講演者は以前電総研のゲームラボにも滞在されていた Martin Muller さんという方で,Fuegoというプロジェクトを進めていらっしゃいます.

ポイントはモンテカルロと探索木のテクニックを組み合わせているところで,どちらかだけだと弱いということのようです. まあいろいろ工夫はあるのでしょうが,基本的には単純な手法でよくこれだけ強くなれるものだなという印象です.

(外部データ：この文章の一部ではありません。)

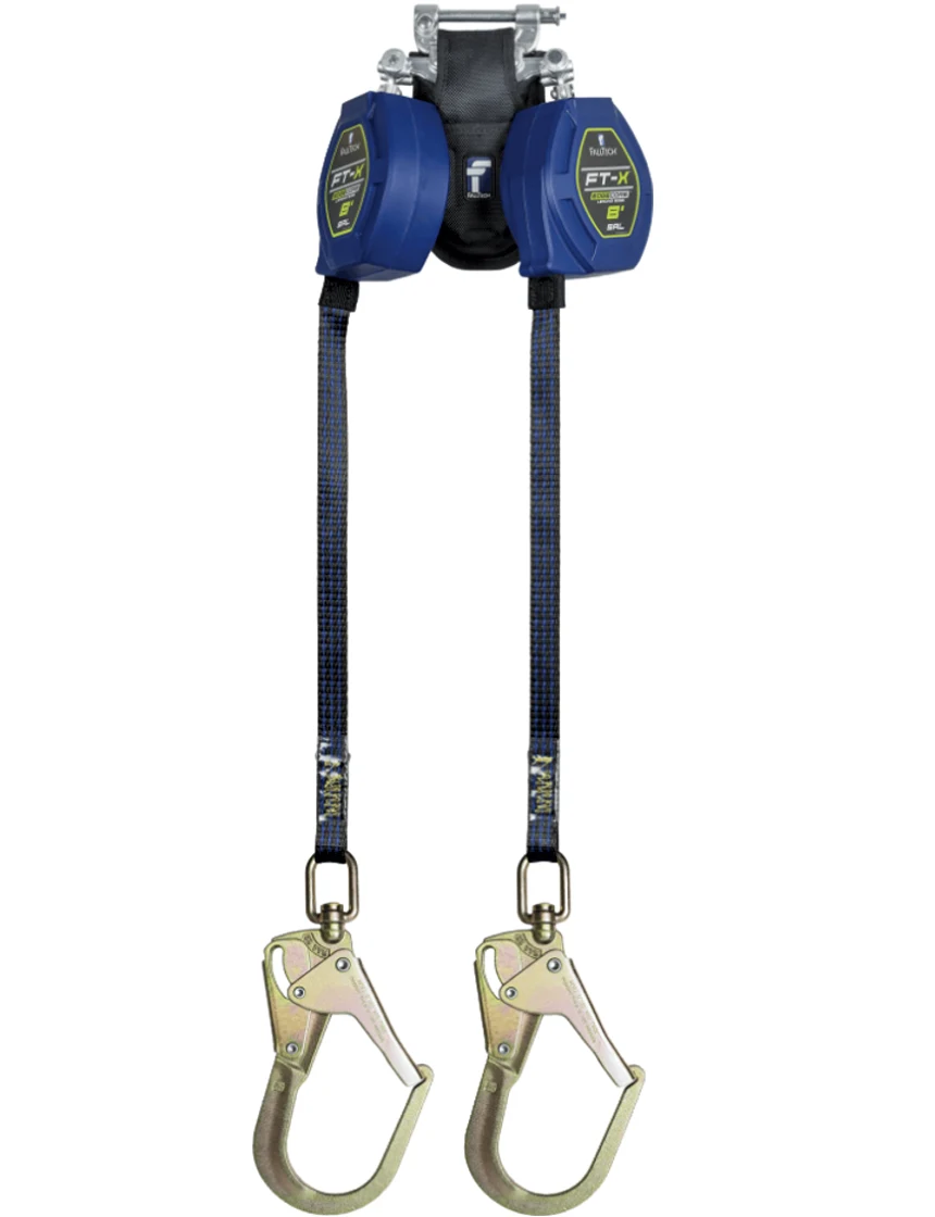 FallTech 8' FT-X® EdgeCore™ Class 2 Leading Edge Personal SRL-P, Twin-leg with Steel Swivel Rebar Hooks with SpeedLink™
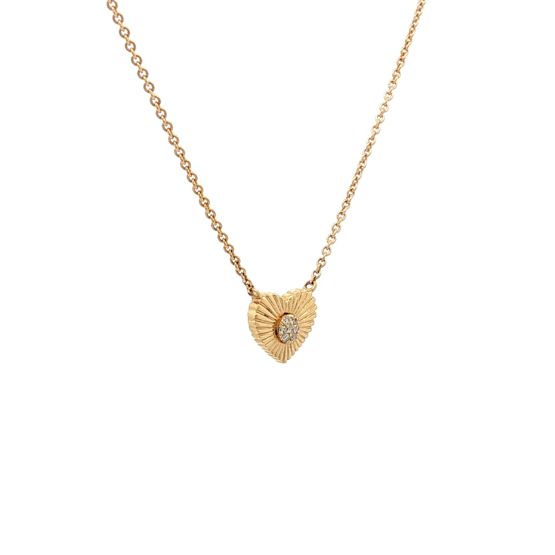 .02 Diamond Fluted Heart Pendant 18k Yellow Gold
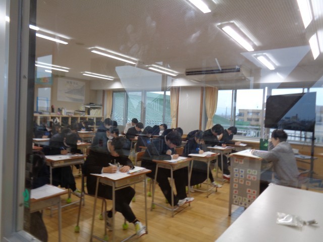 3年生は確認テスト2日目です。今日は2教科です。真剣に取り組んでいます。
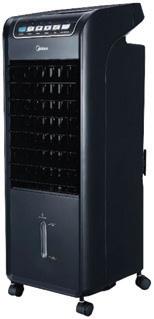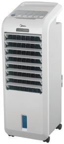 Tuuletinjäähdytin, jossa kolme puhallinnopeutta, led-näyttö ja kaukosäädin. Täytettävä 6 litran vesisäiliö. Ilmankostutus tehostaa puhalluksen viilennystä.

モンテカルロと言っても,かなり原始的なモンテカルロで,マルコフ連鎖とか,マルチカノニカル,マルチテンパリングなどといった高級な話は一切なし. ただ,ヒューリスティックでそれに近いことはやっている部分もあるみたいです.

一方平均場近似とかについても聞いてみましたが,それについては全く知見が得られず(平均場近似って何?って感じだった). 昔から平均場近似囲碁はいけるんじゃないかと思っているのですが,まだ未知数のようですね.

あとは強化学習との関連はかなり意識していました. もともと TD-Gammon 以来そのアプローチは考えられてはいて,ただ囲碁は複雑すぎるので Backgammon が限界だろうみたいな感じだったと思っていました. そういう流れからすると温故知新とも言えます.
逆に囲碁じゃない強化学習にモンテカルロを使うというのも来るかもしれませんね. すごく素人的な発言ですが.

ともかく今日聞いた話の感じでは,工夫する余地が山ほど合って,まだまだ強くなりそうです.

ちなみに先日 Fuego ではないですが Mogo というモンテカルロの囲碁プログラムを試してみましたが,噂に違わず9路盤では相当に強かったです. 互先でほとんど勝てませんでした.
期待値の高い手を打ってくるのですが,手厚くかつバランスのいい手を打ってきます.
19路だとさすがに手が広すぎて序盤は意味不明な手を打ってきます.

というわけで,ゲームの世界も機械学習が活躍できそうですが,こういうシステム系のプロジェクトは私にはあまり向いていないのでとりあえずは傍観モードというところでしょうか.